Sumber: KONTAN | Editor: Hendra Gunawan
JAKARTA. Tawaran lembaga keuangan dunia untuk ikut mendanai aktifitas trade finance di negera berkembang mendapat sambutan antusias. Banyak bankir kini masih menunggu skema kerjasama dari mereka.
Sebagian penawaran yang sedang mereka tunggu-tunggu skemanya adalah trade finance World Trade Organization (WTO) dan Bank Dunia. Mereka akan meluncurkan program pendanaan perdagangan global atau Global Trade Liquidity Program (GTLP) senilai US$ 50 miliar. Dana itu akan mereka berikan kepada para eksportir dan importir.
Rencananya, dari total plafon komitmen tersebut, sebanyak US$ 6 miliar akan mengalir ke eksportir dan importir di negara-negara berkembang, termasuk Indonesia. Bank Dunia dan WTO telah menunjuk empat bank sebagai agen yakni Standard Chartered Bank, Citigroup, Rabobank Nederland, dan Standard Bank of South Afrika.
Senior Vice President Wholesale Product PT Bank Mandiri Tbk.

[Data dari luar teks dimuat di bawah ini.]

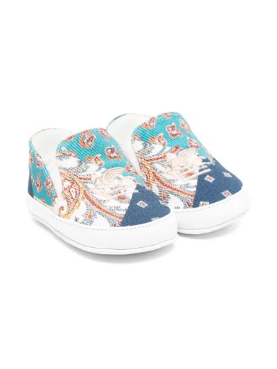 Mens Navy Brand-embossed Knitted Low-top Trainers

Paul Tehusijarana bilang, Indonesia masih membutuhkan fasilitas trade financing. Itu akan membantu likuiditas bank untuk mendanai aktifitas bisnis trade finance. "Tapi jika bertujuan meningkatkan trade finance, bunga kredit kecil," ujarnya.
Semua bank di Indonesia juga berhak menjadi agen penyalur dana tersebut. "Cakupan dan syaratnya harus jelas agar bank bisa mengajukan diri sebagai agen," ujar Paul.
Kepala Divisi Tresuri PT Bank Rakyat Indonesia Tbk (BRI) Dede Suherman menambahkan, jika bunga yang ditawarkan terlalu tinggi, fasilitas ini malah akan menjadi percuma.
Direktur Tresuri dan Internasional PT BNI Tbk Bien Subiantoro mengaku tidak khawatir manuver lembaga keuangan dunia tersebut akan memukul perbankan lokal dalam bisnis ini. "Pasalnya, selama ini banyak pasar yang belum digarap oleh industri perbankan kita sendiri," lanjut Bien. Apalagi, jika mereka menawarkan bunga rendah, transaksi trade financing akan marak.